しかし、梗子は恋文は知らないと木場は指摘する。

「今回の悲劇も、そもそもそこが発端じゃねえか!」
「そうです。手紙は梗子さんには届かなかったのです」
「待ってくれ京極堂。ぼ、僕は届けた。気が遠くなるような思いで――」

関口が中禅寺を止めた。

諒解わかってるよ。関口君。しかし君が手紙を渡したのは涼子さんだったんだ」

中禅寺の次の言葉によって彼の頭の中は白紙になったかのようにショックで呆然としてしまった。

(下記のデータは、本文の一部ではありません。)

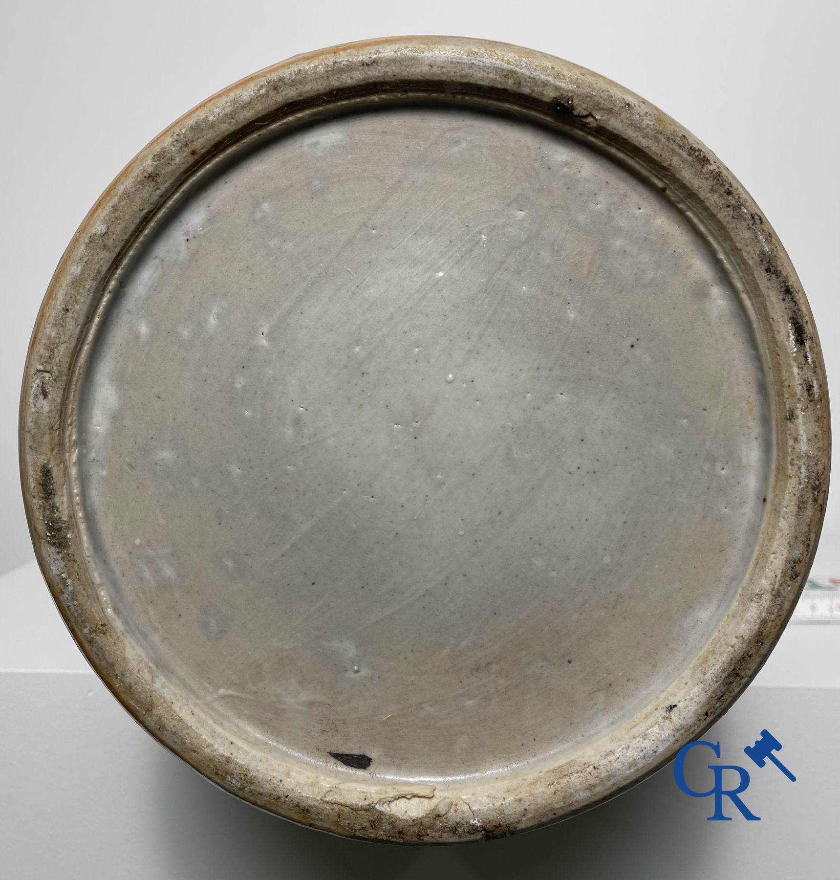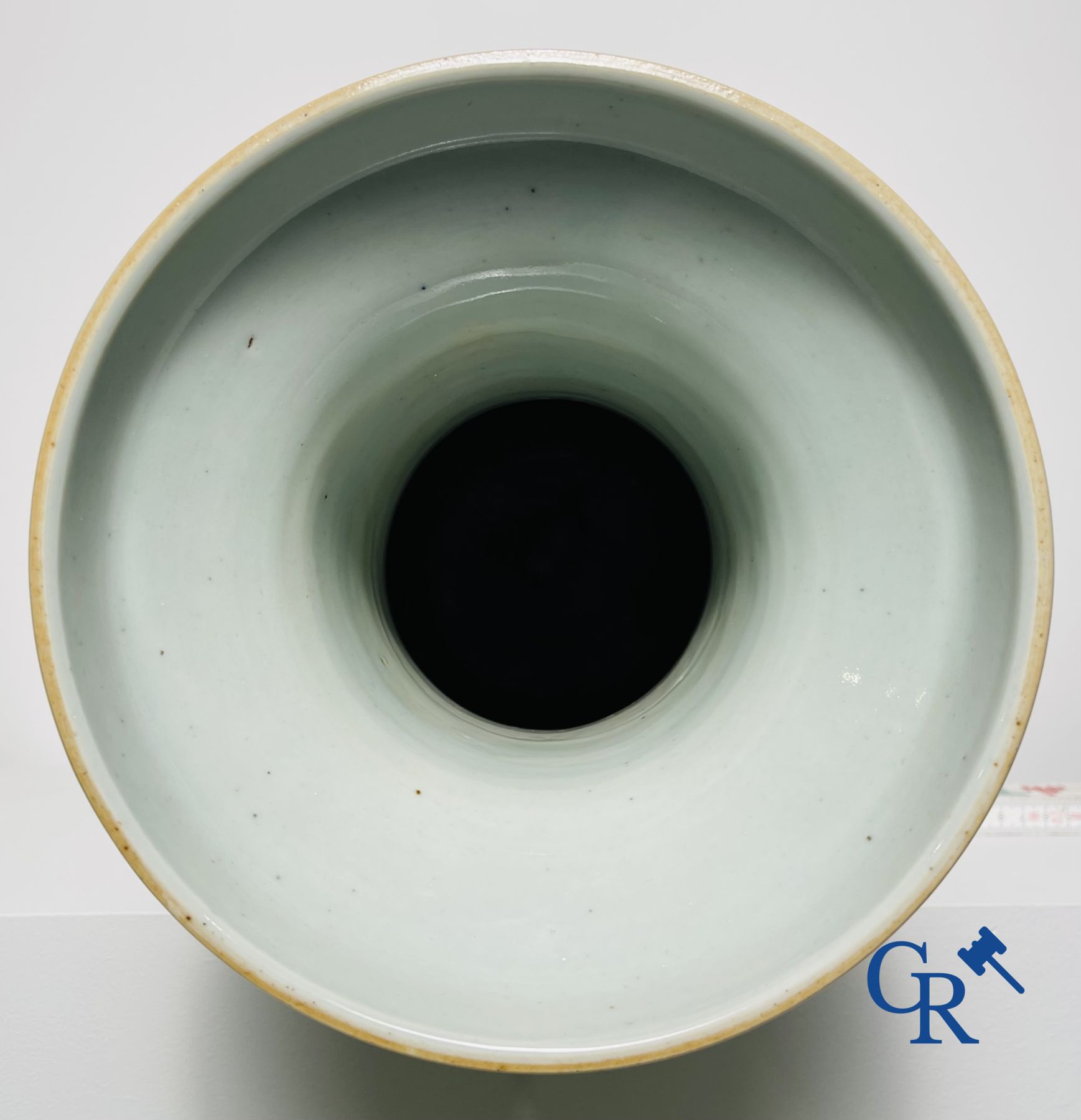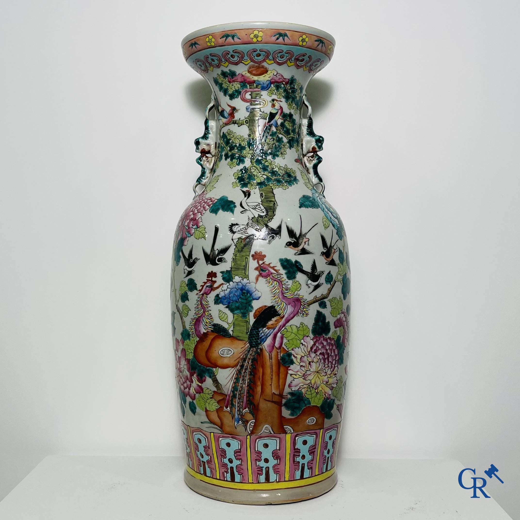 | Aziatica: Vaas in Chinees famille rose porselein met decor van fenixen, pauwen, mandarijneenden, witte Chinese kraanvogels en andere vogels in een omgeving van planten en pioenen. 19de eeuw. |

「う、嘘だ!僕は表書きを見せ、本人にしか渡せない、といった。涼子さんは偽って妹宛の手紙を受け取ったというのか?そんな馬鹿なこと――」

震える声を発した。

「最初は偽った訳ではなかったろう。関口君、恋文の表には、たぶん間違いなくそう書かれていたのだ」

中禅寺は矢立から筆を取り出すと懐紙に何やらさらさらと書き付けて部屋の全員へ見せた。

『久遠寺京子様』

私は中禅寺の綺麗な文字を見て、呟いた。

「それが“大いなる誤謬”の正体だった……」

中禅寺は後を続ける。

「そうだ。関口君、君は藤牧の日記を覚えているかい?これが彼が長い間思い込んでいた“些事ではあるが大いなる誤謬”の正体だ。“桔梗”の“梗”の字を名前に使うのは珍しい。しかし、“きょうこ”と聞いて“京都”の“京”を思い浮かべるのは自然だろう。そして、読みは兎も角、字面からいうと“京子”と“涼子”は極めて近い」
「君は、またそんな詭弁をろうして……僕を誑かそうったって無駄だ。字を間違えるといったって“きょうこ”の“きょう”の字なんて星の数程あるじゃないか!僕は信じない!」

関口はまるで騙されないぞと言いたげに中禅寺に反論した。
だが、中禅寺が一枚上手だったようだ。

「そういうだろうと思って確認を取っておいたよ。院長、慥か最後の家族旅行は日中戦争の頃だったと聞きましたが――」
「そうだが」
「関口君、君がここを訪れていた日――昭和十五九月十六日――君の鬱病が発露した日だ。その日こそ久遠寺家最後の家族旅行の日だ。箱根の仙石楼に連絡を取って調べてみたが、宿帳にもちゃんと載っていた。久遠寺嘉親、菊乃、梗子、名前四名様。あの日……ここには時蔵夫婦と涼子さんしかいなかったんだ」
「関口先生が、涼子姉様と知り合っていた?」

私は関口へ視線を移した。

「そんな、そんな――それじゃあ」

次第に関口の声から反論の色が消えていく。

今までは信じていたことが崩れ去る感覚を――味わっているのかもしれない。

「僕は――僕は――」

関口は譫言のように同じ言葉を繰り返していると、中禅寺の目が関口を制した。

「ほら。矢っ張り会ってたじゃないか」
「おい、だったら――恋文を受け取り、藤野牧朗と密会を重ねて、ついにはその子を宿してしまった女というのは……!」
「涼子さんだった訳です」

ああ!私が見たあの悍ましい光景。
何故梗子ではなく涼子だったのか、これで痼りはなくなった。